CARL LENDER / CC BY 2.0

Murray Lender, with the family product.

Crucially, as Murray Lender said in a 1969 interview, the ethnic identity of the bagel should be reduced to nothing. "When most people call it a Jewish product, it hurts us," he said. "It's a roll, a roll that has personality." When he suggested toppings, Lender was keen to avoid cream cheese and lox (smoked salmon): "It limits them. Think of the toasted bagels and jam, if you will.

And so the bagel became mainstream, but in a form that barely resembled its original glory.
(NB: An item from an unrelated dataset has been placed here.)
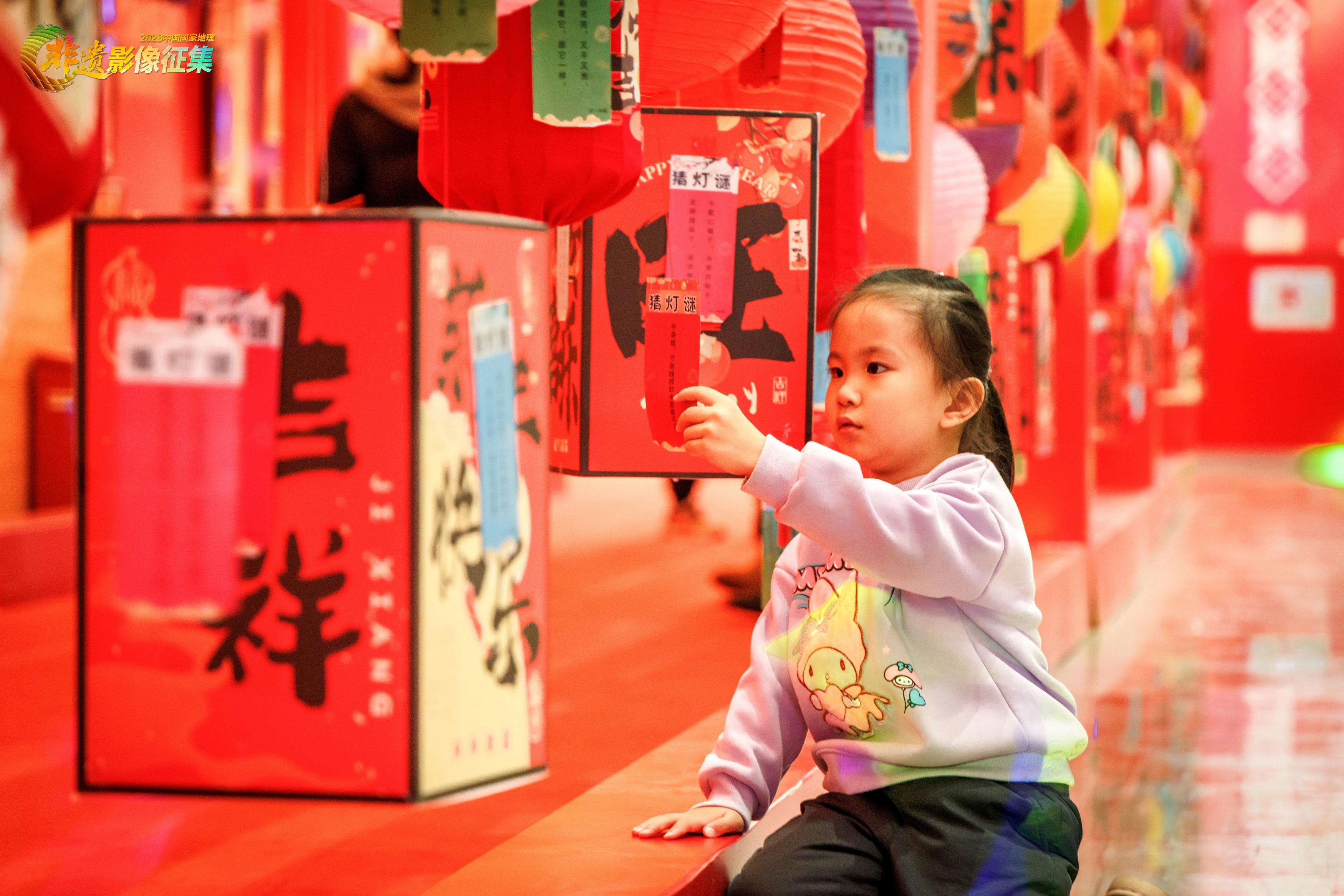 2026年3月3日拍摄于新疆克拉玛依市,元宵灯谜游园集市活动上、一个小姑娘正在专注地思考灯谜答案。

According to Balinska, in 1986, total domestic bagel sales reached $ 500 million. Some 40% were frozen. Most American bagels are still produced by this type of machine.

The secret of New York high quality bagels has nothing to do with the minerals in their water, as many say. Instead, this is the process – that people still stick to the rituals of cooling and retarding, boiling and cooking, albeit with a little help from machines . Factory-made bagels, which tend to run out of steam, simply can not produce the same result.

That's why it's such a shame that Apple's bagel emoji is so obviously a supermarket bagel. Emoji should be the platonic ideal of what you are trying to express: the most elegantly set dumpling, the most succulent mango, the largest napa cabbage. Emoji as the fibrous shell of the coconut reveal the possibility of details and nuances.

The emoji bagel is nothing like that. It is the degradation of an iconic baked product and the erasure of its difficult immigrant experience. We deserve better.